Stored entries
━━━━

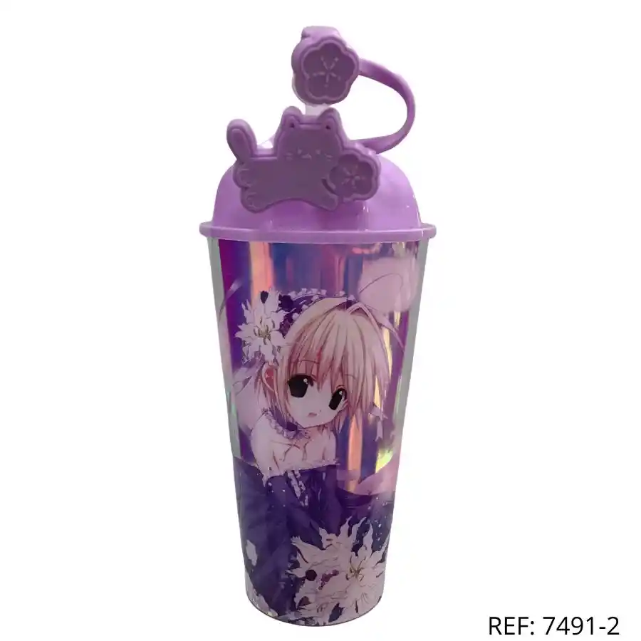 Vaso anime lila con diseño de niña y tapa decorativa, encantador y resistente.
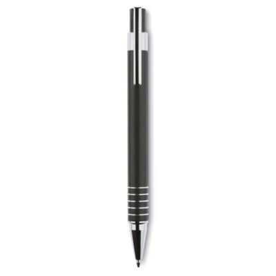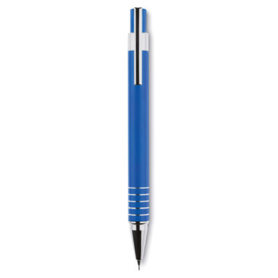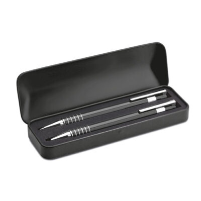 Aluminium ball pen set including a blue ink push type ball pen and a mechanical pencil in matching metal box.
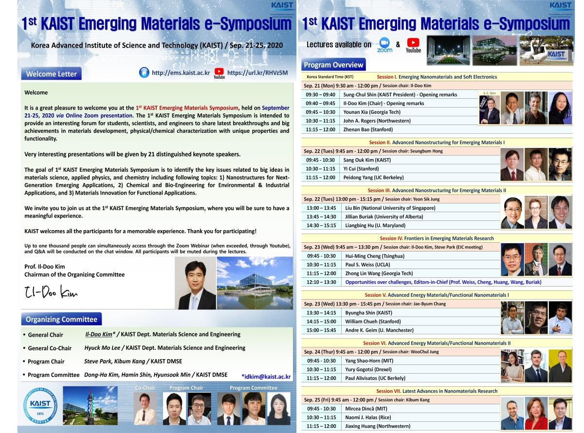 It is a great pleasure to welcome you at the 1st KAIST Emerging Materials Symposium, held on September 21-25, 2020 via Online Zoom presentation.
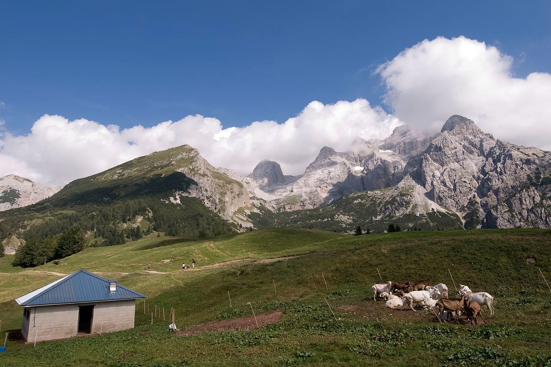 Für den Rückweg haben Sie zwei Möglichkeiten: Entweder Sie wandern auf dem Hinweg zurückoder Sie folgen dem Weg SAT 341 Richtung Val di Sacco. Dieser führt erst über dem Pass „Passo dei XII Apostoli“ und zieht sich dann bergab zur „Busa di Sacco“ und schließlich zur „Baito dei Cacciatori“ (1800m ). Sie folgen weiterhin Weg SAT 341, genießen eine wunderbare Aussicht auf das Tal „Val d'Algone“ und kreuzen die Hänge der Alm „Pala dei Mughi“. Schließlich erreichen Sie die Weiden der Malga Movlina (1.45 St.).
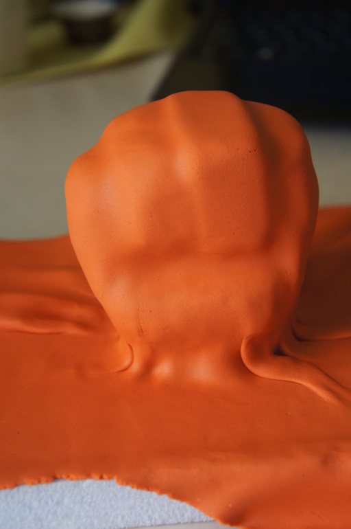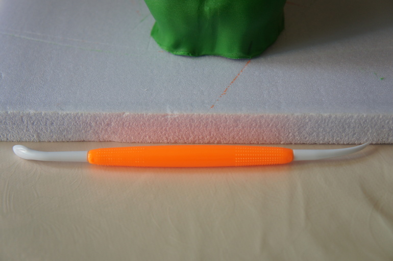 и обтягиваем нашу заготовку, убираем излишки. Следующий этап я опять забыла сфотать, но он очевидный) Берем зеленую мастику и покрываем сверху)))
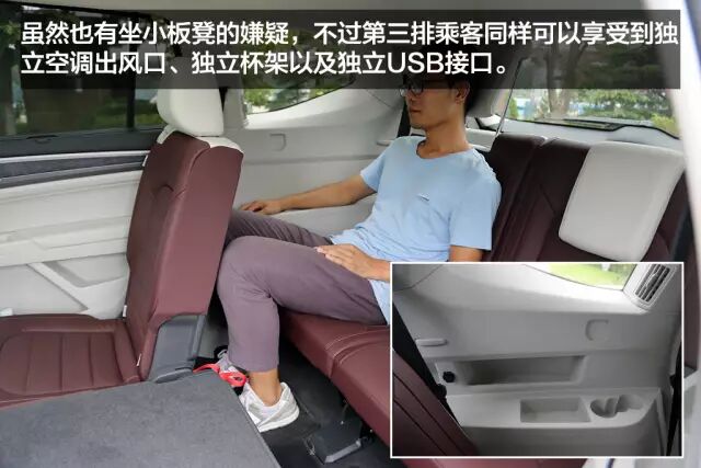 在最考验厂家诚意的第三排乘坐体验上,途昂可以说同样富有诚意,虽然也有坐小板凳的嫌疑,不过这个空间应对短途旅行足以,最为关键的是,第三排乘客同样可以享受到独立空调出风口、独立杯架以及独立USB接口,虽然空间上无法给第三排乘客交出高分答卷,但是在其他方面已经得到弥补。

━━━━

-- How to complete this task --
From the data above, retype only the lines starting with the line with "Aluminium ball pen" and going on through the line with "It is a great", exactly, leaving out the pictures.

-- Output of the task --
 Aluminium ball pen set including a blue ink push type ball pen and a mechanical pencil in matching metal box.
 It is a great pleasure to welcome you at the 1st KAIST Emerging Materials Symposium, held on September 21-25, 2020 via Online Zoom presentation.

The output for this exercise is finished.